Chapter 1
Chapter One
Jazz
“ I must, respectfully, decline.” I spoke with as much dignity as I could muster as I stared at the large diamond he thrust towards me.
The atmosphere was glorious. The Grand Kintyre always was. The food was amazing, but Feldon’s proposal was complete shit.
The ring was beautiful. But I detested diamonds.
Why did he have to do this here of all places? Why did he have to make his move over appetizers? Couldn’t he wait until the digestif, at least? Then he wouldn’t have soured my appetite.
The Grand Kintyre was one of the few places in the city with a decent adobo, and he was ruining it! A sin that was, frankly, far more egregious than his proposal, and certainly worse than the infidelity that was pushing him to bend the knee.
I wouldn’t give money to the Green family if it weren’t for the food. The Greens had a choke hold on New York that was hard to crack, but we had to crack them if we were to put a toe hold in the city at the center of the universe.
“Jazz, it didn’t mean anything.” Feldon Lauder, my soon to be ex-beau, reached out to touch my hand. I withdrew. “It was a mistake. You and I? We’re the real deal!”

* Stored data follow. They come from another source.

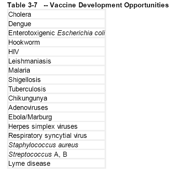 疫苗研發(fā)資金來源于政府、產(chǎn)品銷售收益風險投資和慈善基金等。NIH 與其他聯(lián)邦機構和項目競國家稅收資金的支持,通常情況下前者更容易獲資助。同樣,DODFDA.CDC USAID 贊助的疫苗研發(fā)項目也要與其他公共需求競爭資金,而且取決于政府的行政和立法部門。近來,針對生物恐怖疫苗( 炭疽和天花)和新發(fā)病原疫苗(埃博拉、西尼羅河病毒和流感大流行)的經(jīng)費投入不但可能對疫苗研發(fā)和生產(chǎn)產(chǎn)生深遠影響,而且可能促生疫苗行業(yè)新成員。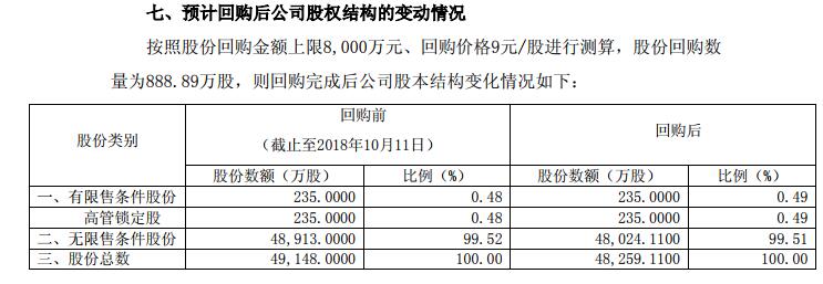據(jù)介紹,本次回購(gòu)金額不低于3000萬(wàn)元且不超過(guò)8000萬(wàn)元。按照不超過(guò)9元/股計(jì)算,回購(gòu)的股票數(shù)量在333.33萬(wàn)股和888.89萬(wàn)股之間,占公司總股份0.6782%至1.8086%?;刭?gòu)方案自股東大會(huì)審議通過(guò)回購(gòu)股份方案之日起6個(gè)月內(nèi)執(zhí)行完畢。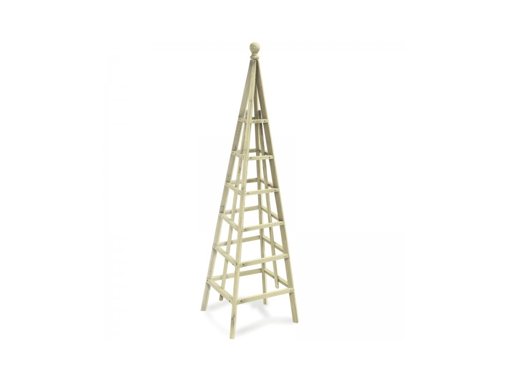 De obelisk is gemaakt van robuust dennenhout en kan ook in bloempotten of plantenbakken als bloemensteun dienen. De top is mooi afgewerkt met een grenenhouten bolvorm.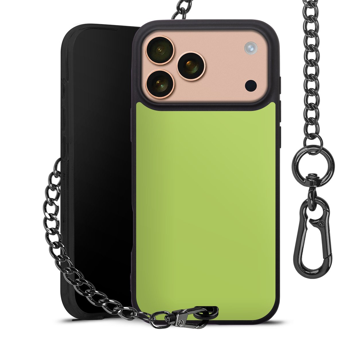 - Mattschwarze Handyhülle mit Metallkette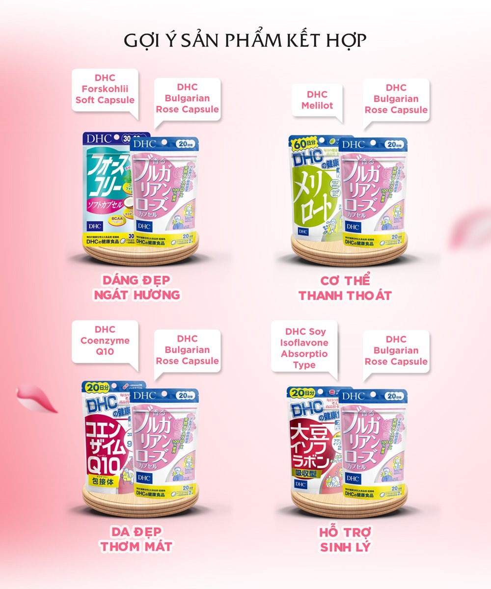Hoa hồng Bulgari được mệnh danh là “nữ hoàng hoa hồng” trong ngành hương liệu. DHC Bulgarian Rose Capsule sử dụng tinh dầu hoa hồng thu hoạch lúc sáng sớm. Đây là thời điểm hương thơm đạt đỉnh, mang lại mùi hương thanh khiết và sang trọng.
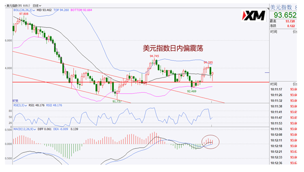 今日就是选举日,随着两位候选人的票数被公布市场也会出现明显的上下波动。今日早盘8点左右市场开始明显出现大波动,美元跌至93.07后快速拉升至93.72,对应其他货币兑都有较大波动。这是消息面的影响。对于当前美元的技术面来看,日线价格和均线保持缠绕,中期均线呈水平,且MACD红线柱显现,多头能量还在保持,布林三线收窄,多技术指标面趋向于偏震荡的走势,且短期震荡偏多一些。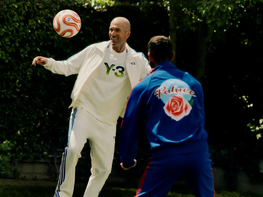 Where do the Palace lot find the time? Barely a month after their Gucci collab, the London skate brand is back, this time with Y‑3. Featuring a reversible jacket, a puffer, graphic football tees and even a tailored suit, the collection blends the naughty irreverence of Palace and the rebellious spirit of Y‑3 for an all-out collab based on archive pieces from Yohji Yamamoto’s spin-off adidas label. And it only gets better with its campaign, which was shot by Jack Davison and features footballing legend Zinedine Zidane alongside skate icon Lucas Puig. A collab of greats.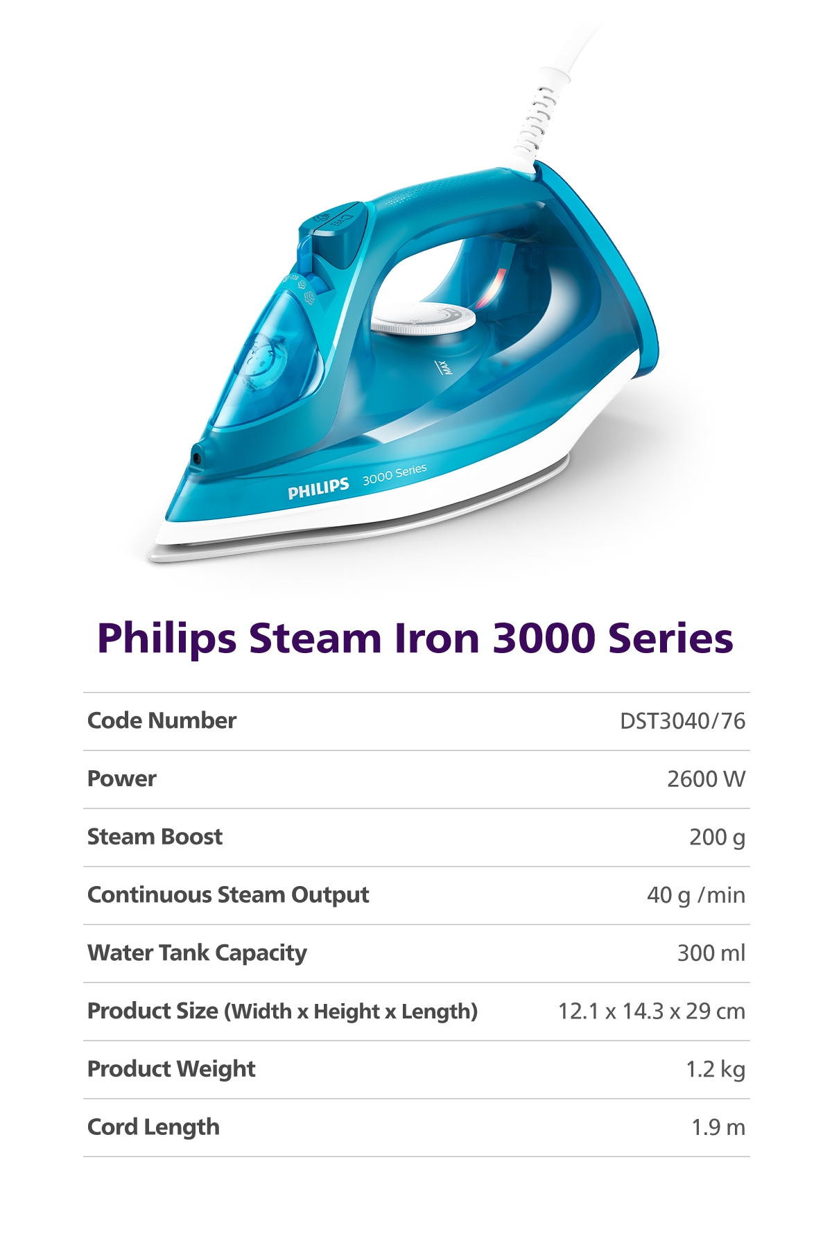 PHILIPS 3000 Steam Iron - DST3040/76 - Ceramic soleplate
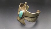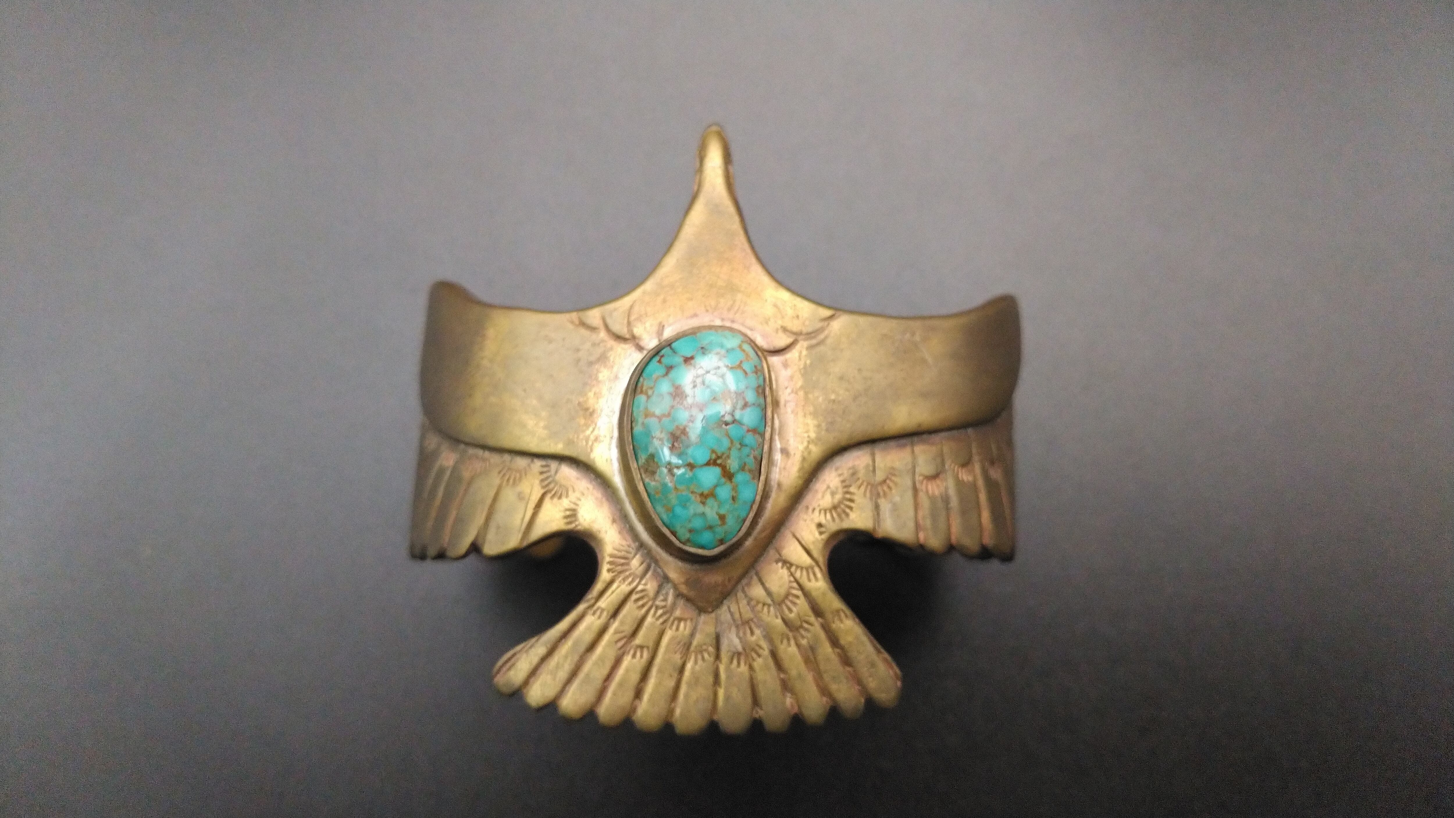 上部には大粒のナンバー8ターコイズを埋め込み、非常に存在感があるインパクトのある作品に仕上げました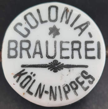 - Schwarz: Bogen oben; "COLONIA", Stern, mittig: "BRAUEREI", Strich, Bogen unten: "KÖLN-NIPPES"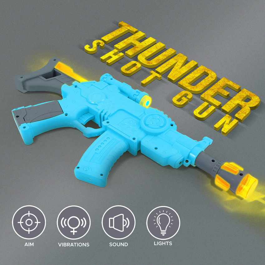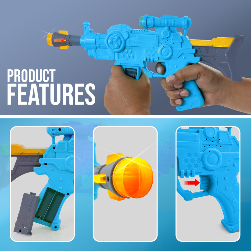 NHR Amazing Musical Thunder Short Toy Gun for Kids, with Ultra Sonic Laser Light Feature, Colorful Light Effects and Music. Amazing look and perfect size. It looks like a real gun. This toy gun helps enhance the ability to concentrate, focus concentration and target shooting skills. While playing with these types of toys, your child will not only acquire some knowledge but will also learn some new things. Give them a gift and see a sweet smile on the little soldier's face. Feel the action when you pull the trigger. This toy gun is made of high-quality plastic material which is highly durable. Requires 2 AA batteries (not included). Best gift for your little ones.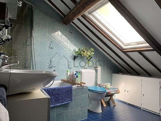 Este apartamento tiene una sala de baño magnífica y clara. Este baño tiene todo lo necesario para su bienestar diario : toallas, estantería, bañera, viga, sink, radiador seca-toallas. El WC está integrado en la sala del baño.

Did he know that he’d been caught? Probably. Photos surfaced of him with a young broadway starlet surfaced on Page Six. I’d quietly revoked his privileges to enter the Barkada building, as well as the Barkada Tower, where he’d been staying rent-free for the past year.
A place that he’d brought his conquest to. I wasn’t offended. I was astonished at the audacity.
“Dom Papa Rum,” I ordered from the waiter as he brought me my entree.
Feldon had been too flustered to look at the menu and had ordered what I had. Now he scrunched his nose at the savoury, vinegar and soy sauce stew, draped over a beautiful dome of white rice.
I hadn’t confronted him. I was here, with him, because it was in the books. And I would never cancel on food from my home country that had earned Michelin stars.
I picked up my fork and took a deep inhale and groaned in delight. Just like Mama made it…
“Listen, we don’t need to change anything,” Feldon said, with an earnest smile.
Did he have any fucking idea how annoying he was?
Hope flickered in his eyes.He really thought things were going to go his way.
Again, the audacity!
Feldon Lauder had been exactly what I had wanted. A pretty fool. Not too smart, not too dumb. Dull. Weak. Nothing that could distract me.
Even his infidelity was boring.
He did nothing that would tax my overburdened brain.
I groaned, as I speared a small bite of chicken skin into my mouth, drooling at the familiar flavors. In the saltiness, I could taste the bittersweetness of the past; the melancholy ache of memories.
“Well?” Feldon snapped his fingers in front of my face.
Rude . It was clear that I would be unsatisfied today, in probably more ways than one.
“Well, what?” I sighed.
“Is that all you have to say? Just…” he wrinkled his nose, before he mocked, “ I respectfully decline? ”
I wished I was as stone-faced as my eldest brother, Jareth. He could shake a man’s hand, and stab them in the heart without so much as a blink.
Did he have feelings? Of course. He just didn’t believe in showing them.
“Why are you fighting so hard for this?” I finally just asked, “You don’t like me that much. Our sex life is lackluster at best–”
“What? That’s not?—”
“That wasn’t up for debate.” I rejected his interruption. “And let’s face it. I was just biding my time until I’d need to dump you anyway.”
Being a Barkada had its drawbacks. Social climbers, and the un-monied types with wilting pedigrees loved to sniff at our heels. He’d been both. I’d fallen for his grift because he was handsome.
I just wanted to know what it was like to be with a very handsome man.
The verdict? It wasn’t all it was cracked up to be.
Pretty people didn’t work very hard at being decent at anything: business, sex, courtship.
Then they’d do inane things like ruin a world-class meal to soothe their insignificant feelings.